Earlier this year (2025), Taiwan’s Ministry of Economic Affairs released an Assessment Report on Taiwan–Philippines Power Cooperation, which examined the feasibility of transmitting renewable electricity back to Taiwan via submarine power cables. However, the assessment focused primarily on technical specifications and cost considerations, with limited attention to broader security risks. The Energy Security and Climate Resilience Research Program at DSET emphasizes that, in light of recent incidents—including repeated damage to undersea communication cables by the PRC, as well as the suspected Russian sabotage of the Estlink 2 submarine power cable connecting Estonia and Finland in December 2024, which led to a surge in domestic electricity prices—the importance of assessing the construction and operational risks of submarine power cables has become increasingly evident.

Against this backdrop, DSET’s Energy Security and Climate Resilience Research Program published the report Vulnerabilities at Depth: Submarine Power Cable Sabotage and Supply Chain Risks Amid China’s Rise in October this year. The report examines supply chain security threats facing submarine power cables, explores risks of sabotage, legal and policy gaps, and China’s growing industrial influence within global supply chains driven by its manufacturing capacity. It further puts forward five key policy recommendations each for the Taiwanese government and the international community, urging greater awareness of the systemic risks posed by overreliance on China-manufactured critical submarine cable components, and calling for enhanced international technological and regulatory cooperation to address vulnerabilities in the protection and monitoring of submarine power cables.

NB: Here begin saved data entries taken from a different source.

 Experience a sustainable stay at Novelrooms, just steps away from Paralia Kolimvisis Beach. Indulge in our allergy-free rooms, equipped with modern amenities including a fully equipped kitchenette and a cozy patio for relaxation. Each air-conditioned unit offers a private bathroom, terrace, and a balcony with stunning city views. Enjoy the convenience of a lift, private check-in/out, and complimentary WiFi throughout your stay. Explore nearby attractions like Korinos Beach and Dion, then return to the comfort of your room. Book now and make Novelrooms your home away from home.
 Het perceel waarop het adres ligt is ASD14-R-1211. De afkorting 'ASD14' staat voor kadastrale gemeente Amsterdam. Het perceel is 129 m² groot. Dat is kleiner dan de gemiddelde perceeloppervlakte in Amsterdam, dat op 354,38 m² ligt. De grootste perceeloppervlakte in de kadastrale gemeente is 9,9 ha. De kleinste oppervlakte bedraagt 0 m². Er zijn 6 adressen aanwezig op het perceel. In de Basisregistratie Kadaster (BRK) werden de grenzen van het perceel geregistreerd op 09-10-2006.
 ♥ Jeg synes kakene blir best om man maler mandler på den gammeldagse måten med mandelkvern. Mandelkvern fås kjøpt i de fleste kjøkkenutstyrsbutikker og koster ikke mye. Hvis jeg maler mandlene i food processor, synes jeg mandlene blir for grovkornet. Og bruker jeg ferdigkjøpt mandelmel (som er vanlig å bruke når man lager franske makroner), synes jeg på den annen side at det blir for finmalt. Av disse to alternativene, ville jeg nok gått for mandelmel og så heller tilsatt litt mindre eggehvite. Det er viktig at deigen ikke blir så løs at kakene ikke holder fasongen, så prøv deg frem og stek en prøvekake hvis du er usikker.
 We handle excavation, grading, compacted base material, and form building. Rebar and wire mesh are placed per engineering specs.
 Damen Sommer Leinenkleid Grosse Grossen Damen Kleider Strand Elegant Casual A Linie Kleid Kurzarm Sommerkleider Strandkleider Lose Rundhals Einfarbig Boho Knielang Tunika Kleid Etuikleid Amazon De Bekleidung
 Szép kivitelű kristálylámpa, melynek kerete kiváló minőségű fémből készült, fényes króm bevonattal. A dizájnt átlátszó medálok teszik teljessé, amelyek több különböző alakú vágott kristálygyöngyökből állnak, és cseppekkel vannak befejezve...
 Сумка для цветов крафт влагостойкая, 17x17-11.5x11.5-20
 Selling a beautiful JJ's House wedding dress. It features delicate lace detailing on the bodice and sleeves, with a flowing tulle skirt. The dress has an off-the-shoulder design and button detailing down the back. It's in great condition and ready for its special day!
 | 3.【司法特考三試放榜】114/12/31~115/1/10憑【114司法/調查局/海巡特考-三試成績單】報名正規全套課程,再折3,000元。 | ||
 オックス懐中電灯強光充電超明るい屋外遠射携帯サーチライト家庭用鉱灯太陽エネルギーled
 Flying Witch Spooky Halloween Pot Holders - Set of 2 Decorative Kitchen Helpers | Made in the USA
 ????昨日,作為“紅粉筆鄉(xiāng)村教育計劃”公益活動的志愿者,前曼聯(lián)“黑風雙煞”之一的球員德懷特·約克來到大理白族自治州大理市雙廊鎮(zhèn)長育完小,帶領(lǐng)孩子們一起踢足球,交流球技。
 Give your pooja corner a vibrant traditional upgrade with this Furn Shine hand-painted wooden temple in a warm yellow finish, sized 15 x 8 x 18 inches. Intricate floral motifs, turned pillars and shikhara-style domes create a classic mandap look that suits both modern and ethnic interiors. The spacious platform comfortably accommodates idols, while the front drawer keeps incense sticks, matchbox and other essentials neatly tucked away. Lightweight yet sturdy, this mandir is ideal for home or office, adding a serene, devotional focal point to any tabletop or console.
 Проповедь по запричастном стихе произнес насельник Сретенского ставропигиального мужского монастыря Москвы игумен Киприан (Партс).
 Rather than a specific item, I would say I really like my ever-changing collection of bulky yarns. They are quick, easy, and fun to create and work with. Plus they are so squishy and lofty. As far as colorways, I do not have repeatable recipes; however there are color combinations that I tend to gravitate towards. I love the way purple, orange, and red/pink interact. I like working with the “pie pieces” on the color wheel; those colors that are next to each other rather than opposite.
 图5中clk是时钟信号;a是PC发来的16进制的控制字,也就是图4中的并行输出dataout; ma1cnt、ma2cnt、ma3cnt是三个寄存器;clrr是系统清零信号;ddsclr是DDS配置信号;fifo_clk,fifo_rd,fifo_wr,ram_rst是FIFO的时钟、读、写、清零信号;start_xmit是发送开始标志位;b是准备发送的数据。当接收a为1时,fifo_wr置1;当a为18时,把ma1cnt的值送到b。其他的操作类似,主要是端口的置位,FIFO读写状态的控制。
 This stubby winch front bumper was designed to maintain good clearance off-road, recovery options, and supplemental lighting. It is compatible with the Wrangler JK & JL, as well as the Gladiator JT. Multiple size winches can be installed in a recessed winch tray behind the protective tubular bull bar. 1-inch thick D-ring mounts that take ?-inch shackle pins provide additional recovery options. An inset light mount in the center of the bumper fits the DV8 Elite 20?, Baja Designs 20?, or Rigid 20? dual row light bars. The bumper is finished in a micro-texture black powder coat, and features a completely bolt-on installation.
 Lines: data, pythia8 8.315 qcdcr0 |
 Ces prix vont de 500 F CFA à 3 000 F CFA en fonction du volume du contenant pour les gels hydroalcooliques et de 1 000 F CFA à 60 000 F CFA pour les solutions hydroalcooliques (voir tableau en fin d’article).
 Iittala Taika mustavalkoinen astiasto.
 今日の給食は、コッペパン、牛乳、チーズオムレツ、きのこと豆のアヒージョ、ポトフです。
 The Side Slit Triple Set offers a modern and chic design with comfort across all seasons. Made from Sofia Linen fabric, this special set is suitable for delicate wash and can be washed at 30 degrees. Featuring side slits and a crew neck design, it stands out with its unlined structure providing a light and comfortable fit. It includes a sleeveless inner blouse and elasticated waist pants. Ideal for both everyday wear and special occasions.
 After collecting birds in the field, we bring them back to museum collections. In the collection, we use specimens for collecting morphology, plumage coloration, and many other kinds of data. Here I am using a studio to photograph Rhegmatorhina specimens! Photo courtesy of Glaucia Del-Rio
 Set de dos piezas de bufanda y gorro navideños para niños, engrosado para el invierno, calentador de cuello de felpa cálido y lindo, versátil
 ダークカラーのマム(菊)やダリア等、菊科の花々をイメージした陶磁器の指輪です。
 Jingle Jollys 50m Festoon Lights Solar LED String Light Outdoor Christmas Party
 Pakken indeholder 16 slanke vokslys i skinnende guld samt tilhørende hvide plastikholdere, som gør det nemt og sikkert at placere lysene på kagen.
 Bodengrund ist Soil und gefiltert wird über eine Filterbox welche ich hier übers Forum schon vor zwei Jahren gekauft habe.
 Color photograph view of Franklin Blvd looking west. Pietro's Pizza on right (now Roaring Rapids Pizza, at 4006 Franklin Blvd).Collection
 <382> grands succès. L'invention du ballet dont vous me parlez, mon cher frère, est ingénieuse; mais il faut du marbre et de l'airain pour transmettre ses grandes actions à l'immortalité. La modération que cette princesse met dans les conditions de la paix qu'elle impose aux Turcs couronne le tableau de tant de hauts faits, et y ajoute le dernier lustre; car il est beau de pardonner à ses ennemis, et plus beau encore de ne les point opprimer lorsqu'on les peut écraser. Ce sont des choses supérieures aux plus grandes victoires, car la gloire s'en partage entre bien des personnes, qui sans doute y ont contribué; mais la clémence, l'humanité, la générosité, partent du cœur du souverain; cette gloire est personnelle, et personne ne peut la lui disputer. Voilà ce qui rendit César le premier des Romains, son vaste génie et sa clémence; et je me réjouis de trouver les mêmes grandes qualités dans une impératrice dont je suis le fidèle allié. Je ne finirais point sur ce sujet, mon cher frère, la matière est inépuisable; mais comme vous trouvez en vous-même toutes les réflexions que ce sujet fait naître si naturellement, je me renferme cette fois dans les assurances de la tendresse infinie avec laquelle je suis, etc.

Key Conclusions and Recommendations

Building upon the content bought by DSET’s previous report discussing addressing inherent challenges in safeguarding Taiwan’s undersea communication cables against gray zone activities, this report urges attention not only to communication cables but also to submarine power cables, which face heightened vulnerability. Beyond shared threats from gray zone activities, power cables suffer from technical and supply chain gaps, including even lower redundancy and maintenance capacity, and other technical and supply chain gaps. Furthermore, they receive less regulatory protection than communication cables and may even fall outside the scope of critical infrastructure regulations.

Submarine power cables also face long-term, comprehensive challenges: Accelerated market demand from the energy transition has spurred growth in long-distance transmission projects, leading to extended procurement cycles and order backlogs. Against this backdrop, China—leveraging its catching-up technology in IGBTs (key components) and excess production capacity—has heightened the risk of growing systemic over-reliance in the global high-voltage direct current (HVDC) transmission market.

This study uses case studies to illustrate how China has developed three distinct models to dominate the submarine power cable market: “technology equity participation,” “overseas investment by state-owned enterprises,” and “acquisition of local companies,” rapidly expanding its market share in the international cable interconnection market.

The report recommends:

  1. Recognize Submarine Power Cables as Critical Infrastructure

Governments must explicitly include submarine power cables within critical infrastructure protection acts. This classification enables stronger regulatory safeguards, routine inspections, and preventive measures, shifting from reactive recovery to proactive resilience. Lessons from the EU, Japan, and the U.S. demonstrate the effectiveness of embedding cable protection into broader critical infrastructure governance.

  1. Establish Regional Maintenance and Repair Hubs

Governments should strengthen regional collaboration by establishing strategic maintenance and repair hubs. Pooling resources through agreements like the Atlantic Cable Maintenance Agreement and the Asia Pacific Marine Maintenance Service Agreement provides shared access to vessels, spare parts, and skilled personnel. Developing such hubs into advanced centers for training, diagnostics, and component manufacturing would shorten repair timelines, reduce economic losses, and enhance collective security across interconnected grids.

  1. Diversify Supply of Critical Components

Long-term resilience requires diversification of supply chains for submarine cables and critical components such as IGBTs. While short-term reliance on Chinese suppliers may be unavoidable, overdependence poses systemic risks. Governments should support local and allied manufacturing, incentivize joint ventures, and embed supply chain risk assessments into procurement policies. For Taiwan, this means bolstering domestic manufacturers, leveraging its semiconductor ecosystem for IGBT production, and engaging in international standardization efforts to strengthen both supply security and export competitiveness.